Support Questions

Find answers, ask questions, and share your expertise
Announcements
Celebrating as our community reaches 100,000 members! Thank you!

set fs.trash.interval to zero in order to avoid files to be in trash

avatar

we want to set the parameter fs.trash.interval to zero

as

fs.trash.interval=o

because when we delete files then files then they go to the trash

example:

hdfs dfs -rm -R /spark2-history/*

and when we disable the fs.trash.interval , then files supposed to be delete without going to the trash

we want to set the fs.trash.interval to zero because in our lab , HDFS usage became high on ambari dashboard

and when we delete the files , actually files still stay in the trash and HDFS usage still high

so i guess if we set the fs.trash.interval to zero then files will not get to the trash

is it correct ?

second

by default fs.trash.interval=360 min

is it really means that every 360 min ( interval ) , files will be delete from the trash? , or its depend on other scenario?

Michael-Bronson
1 ACCEPTED SOLUTION

avatar
Master Mentor

@Michael Bronson

The correct definition of "fs.trash.interval" property is as following: https://hadoop.apache.org/docs/r2.7.2/hadoop-project-dist/hadoop-common/core-default.xml

fs.trash.interval => Number of minutes after which the checkpoint gets deleted.

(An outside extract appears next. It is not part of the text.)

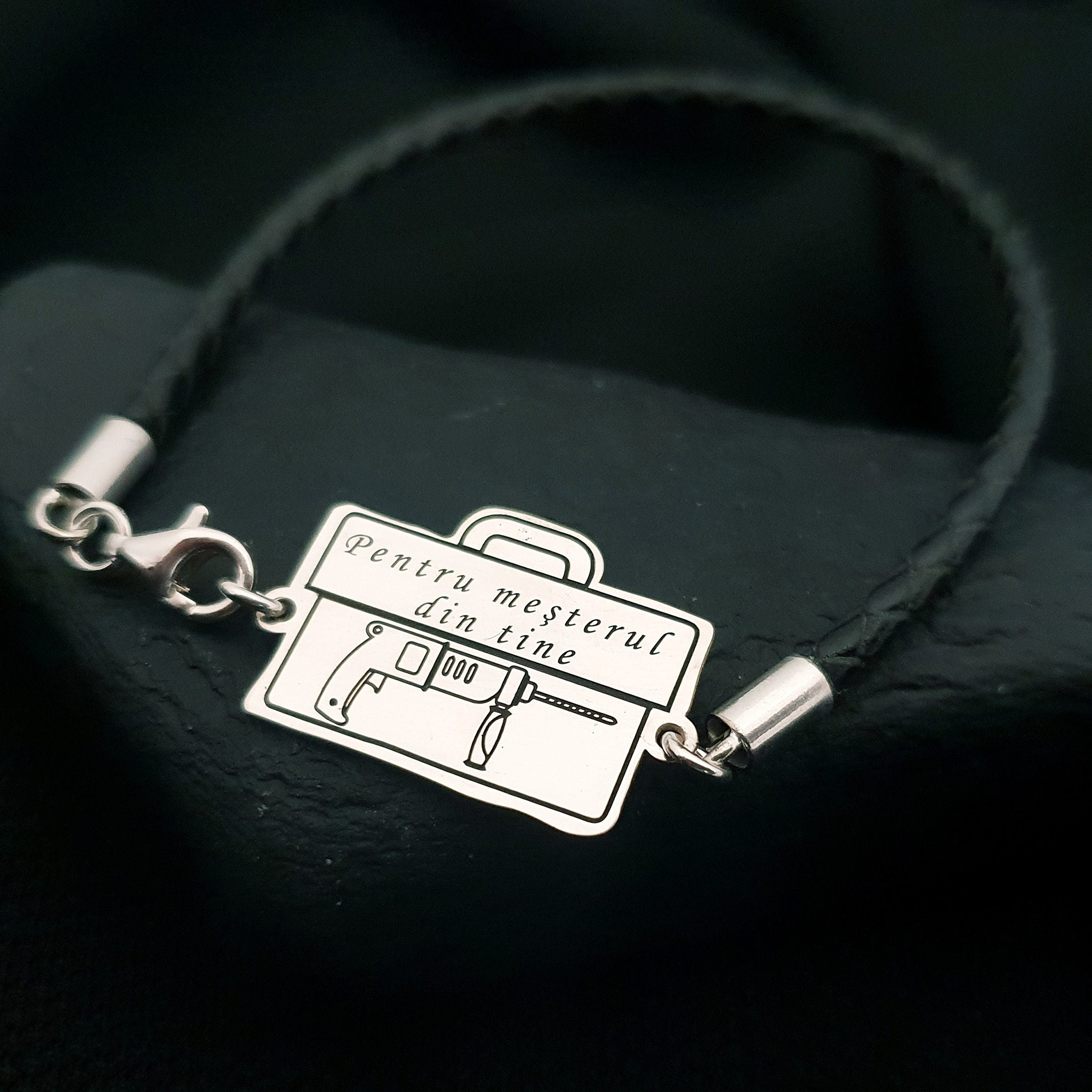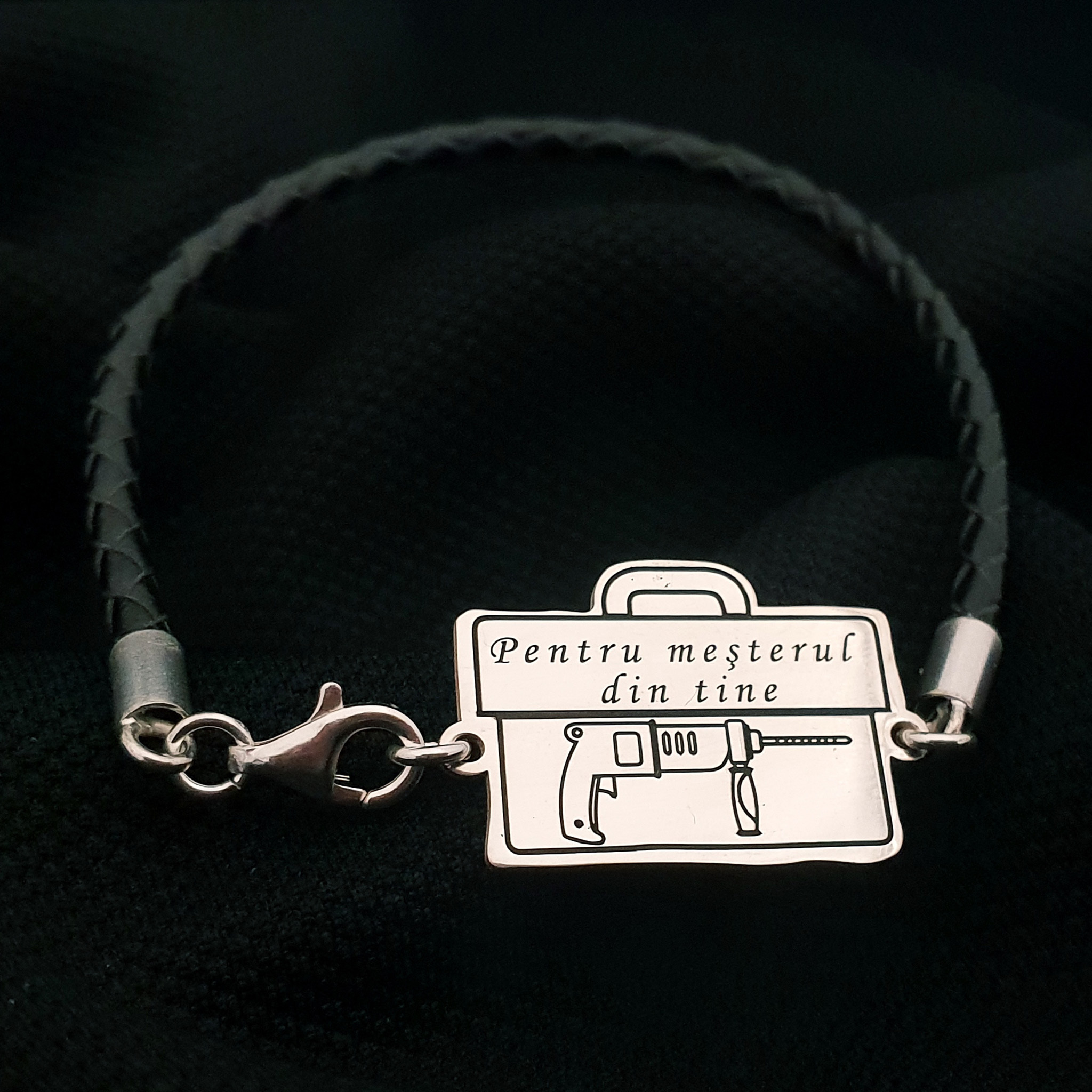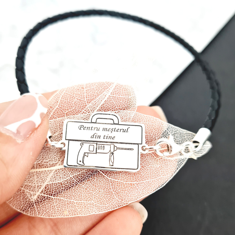 Bratara Trusa scule cu Bormasina gravata - Argint 925, piele impletita

If zero, the trash feature is disabled. This option may be configured both on the server and the client.

If trash is disabled server side then the client side configuration is checked.

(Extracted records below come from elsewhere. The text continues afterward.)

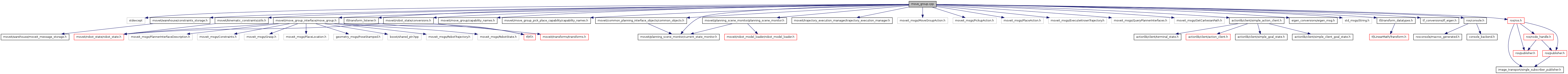 #include <stdexcept>#include <moveit/warehouse/constraints_storage.h>#include <moveit/kinematic_constraints/utils.h>#include <moveit/move_group/capability_names.h>#include <moveit/move_group_pick_place_capability/capability_names.h>#include <moveit/move_group_interface/move_group.h>#include <moveit/planning_scene_monitor/current_state_monitor.h>#include <moveit/planning_scene_monitor/planning_scene_monitor.h>#include <moveit/trajectory_execution_manager/trajectory_execution_manager.h>#include <moveit/common_planning_interface_objects/common_objects.h>#include <moveit/robot_state/conversions.h>#include <moveit_msgs/MoveGroupAction.h>#include <moveit_msgs/PickupAction.h>#include <moveit_msgs/PlaceAction.h>#include <moveit_msgs/ExecuteKnownTrajectory.h>#include <moveit_msgs/QueryPlannerInterfaces.h>#include <moveit_msgs/GetCartesianPath.h>#include <actionlib/client/simple_action_client.h>#include <eigen_conversions/eigen_msg.h>#include <std_msgs/String.h>#include <tf/transform_listener.h>#include <tf/transform_datatypes.h>#include <tf_conversions/tf_eigen.h>#include <ros/console.h>#include <ros/ros.h>
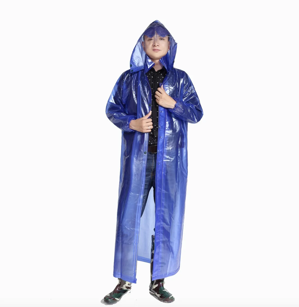 EVA Raincoat Adult women men's waterproof long hooded poncho Outdoor hiking fishing mountaineering raincoat
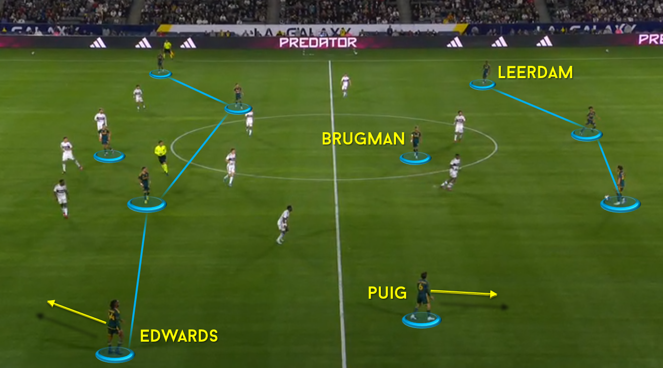 LA’s initial shape in possession is not too dissimilar to Seattle’s. Right back and former Sounder Kelvin Leerdam stays home to form a back three behind midfielder Gastón Brugman, while left back Raheem Edwards takes a position wide of the midfield, supported by attacker Riqui Puig dropping deep on the wing:

If trash is enabled on the server side then the value configured on the server is used and the client configuration value is ignored.

.

You can also use the -skipTrash option will bypass trash, if enabled, and delete the specified file(s) immediately. This can be useful when it is necessary to delete files from an over-quota directory.

hdfs dfs -rm -R -skipTrash /spark2-history/*

.

View solution in original post

3 REPLIES 3

avatar
Master Mentor

@Michael Bronson

The correct definition of "fs.trash.interval" property is as following: https://hadoop.apache.org/docs/r2.7.2/hadoop-project-dist/hadoop-common/core-default.xml

fs.trash.interval => Number of minutes after which the checkpoint gets deleted.

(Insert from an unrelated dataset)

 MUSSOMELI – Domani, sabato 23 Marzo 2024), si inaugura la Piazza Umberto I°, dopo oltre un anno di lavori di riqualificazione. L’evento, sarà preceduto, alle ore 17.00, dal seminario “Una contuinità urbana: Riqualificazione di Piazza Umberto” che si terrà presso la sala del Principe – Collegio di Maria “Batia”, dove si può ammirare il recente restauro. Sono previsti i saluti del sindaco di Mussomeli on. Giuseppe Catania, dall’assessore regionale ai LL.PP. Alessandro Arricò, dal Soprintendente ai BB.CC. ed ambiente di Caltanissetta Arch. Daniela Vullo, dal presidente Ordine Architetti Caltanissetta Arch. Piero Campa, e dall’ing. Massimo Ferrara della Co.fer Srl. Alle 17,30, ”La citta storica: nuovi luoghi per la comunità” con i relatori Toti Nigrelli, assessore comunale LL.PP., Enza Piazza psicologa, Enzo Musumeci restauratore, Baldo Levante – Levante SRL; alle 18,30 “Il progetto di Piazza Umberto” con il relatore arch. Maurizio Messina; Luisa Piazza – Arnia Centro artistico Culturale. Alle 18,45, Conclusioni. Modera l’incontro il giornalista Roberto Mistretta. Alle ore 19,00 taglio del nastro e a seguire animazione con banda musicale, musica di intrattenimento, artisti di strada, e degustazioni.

If zero, the trash feature is disabled. This option may be configured both on the server and the client.

If trash is disabled server side then the client side configuration is checked.

If trash is enabled on the server side then the value configured on the server is used and the client configuration value is ignored.

.

You can also use the -skipTrash option will bypass trash, if enabled, and delete the specified file(s) immediately. This can be useful when it is necessary to delete files from an over-quota directory.

hdfs dfs -rm -R -skipTrash /spark2-history/*

.

avatar

@Jay so can we summary that - when for example we set fs.trash.interval=60 min , then on the next interval all files in trash will be deleted?

Michael-Bronson

avatar
Master Mentor

@Michael Bronson

Yes, setting the parameter to 60 minutes will cause the trash to get cleared for the deleted content after 60 minutes.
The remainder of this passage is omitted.